** Opening Exercise data block **
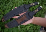 这款死神必杀采用了原美军海豹突击队教官威廉姆斯的外形专利。该刀型最早出现大约在300年之前,是日本短刀的恐造刀型为基础衍化而来。使用g10手柄。手柄设计为披着斗篷的死神手握巨蟒,口吐利刃,可谓形神兼备。黄铜雕刻铸造死神骷髅栩栩如生。无论您是收藏送礼还是实战均数上品。 全长30.5CM,刃长18.5CM,厚0.55CM,刃宽2.94CM,刀刃材料: 进口D2钢,,硬度:60(真空油冷热处理),刀套:战术K鞘。牛皮挂件。尖头单刀重量:267克(含刀鞘340),方头单刀重量:285克 (含刀鞘358)
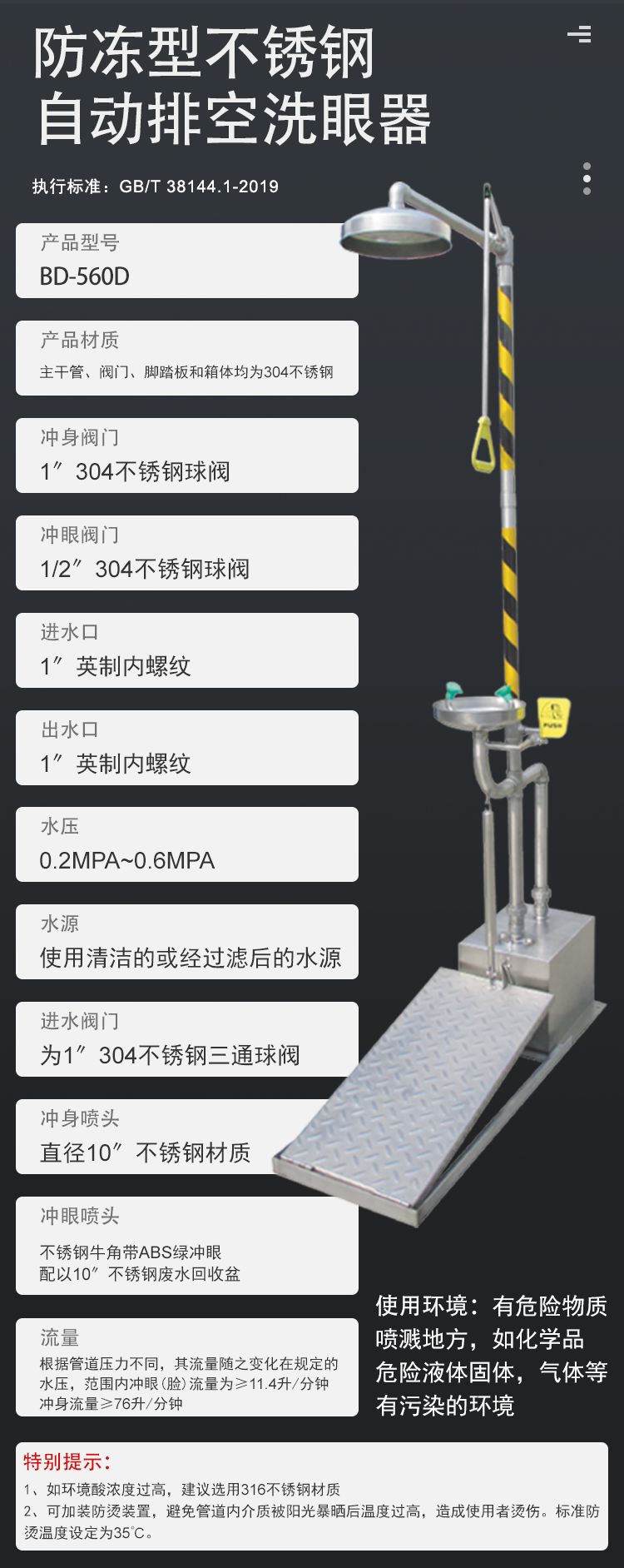 贝迪BRADY防冻型不锈钢自动排空复合式洗眼器BD-560D可定制
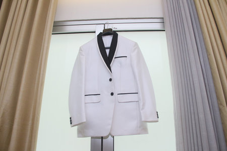 A stylish white suit jacket elegantly hangs against a neutral background, showcasing its fine tailoring and minimalist design, perfect for formal occasions.
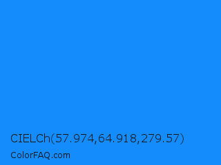 CIELCh 57.974,64.918,279.57 Color is a normal blue color and the nearest color is Dodger Blue #1e90ff. Hex code #148cfc and RGB value is rgb(20,140,252). In RGB color space, this color is composed of 8% red, 55% green, 99% blue, In CMYK color space, this color is composed of 92% cyan, 44% magenta, 0% yellow , 1% black , In HSL color space, this color has a hue angle of 209° , 97% saturation and 53% lightness.
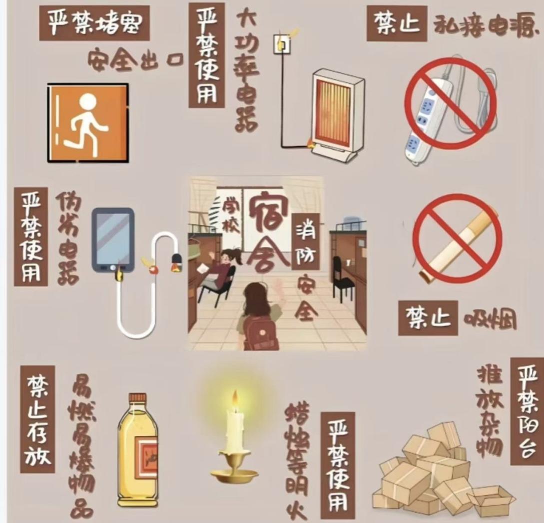 防火不是小事,安全要记在心里!守护宿舍安全,既是保护自己,也是护着室友~ 转发给同住的小伙伴,一起杜绝隐患,把小窝守得稳稳的,平安住校园!
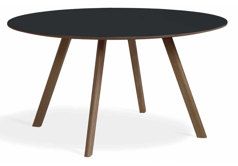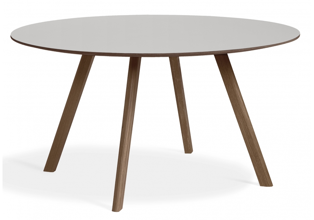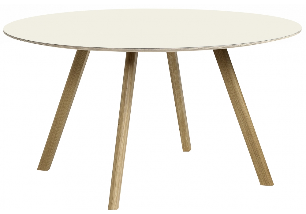 Copenhague Round Table CPH 25 conçue par Ronan et Erwan Bouroullec pour Hay est une table avec plateau en contreplaqué avec stratifié, linoléum ou placage en différentes finitions. Le bord du plateau de table correspond à la finition de la base. Pieds en bois massif avec vissage intégré non visible. Pieds extensibles réglables pour niveler la table sur des surfaces inégales. Disponible en différentes finitions.
** Closing Exercise data block **
*Your objective*. The lines wanted run from the line containing "A stylish white" through the end of the entries; return them exactly, both ends included, and keep pictures out.

*Reply to the task*.
 A stylish white suit jacket elegantly hangs against a neutral background, showcasing its fine tailoring and minimalist design, perfect for formal occasions.
 CIELCh 57.974,64.918,279.57 Color is a normal blue color and the nearest color is Dodger Blue #1e90ff. Hex code #148cfc and RGB value is rgb(20,140,252). In RGB color space, this color is composed of 8% red, 55% green, 99% blue, In CMYK color space, this color is composed of 92% cyan, 44% magenta, 0% yellow , 1% black , In HSL color space, this color has a hue angle of 209° , 97% saturation and 53% lightness.
 防火不是小事,安全要记在心里!守护宿舍安全,既是保护自己,也是护着室友~ 转发给同住的小伙伴,一起杜绝隐患,把小窝守得稳稳的,平安住校园!
 Copenhague Round Table CPH 25 conçue par Ronan et Erwan Bouroullec pour Hay est une table avec plateau en contreplaqué avec stratifié, linoléum ou placage en différentes finitions. Le bord du plateau de table correspond à la finition de la base. Pieds en bois massif avec vissage intégré non visible. Pieds extensibles réglables pour niveler la table sur des surfaces inégales. Disponible en différentes finitions.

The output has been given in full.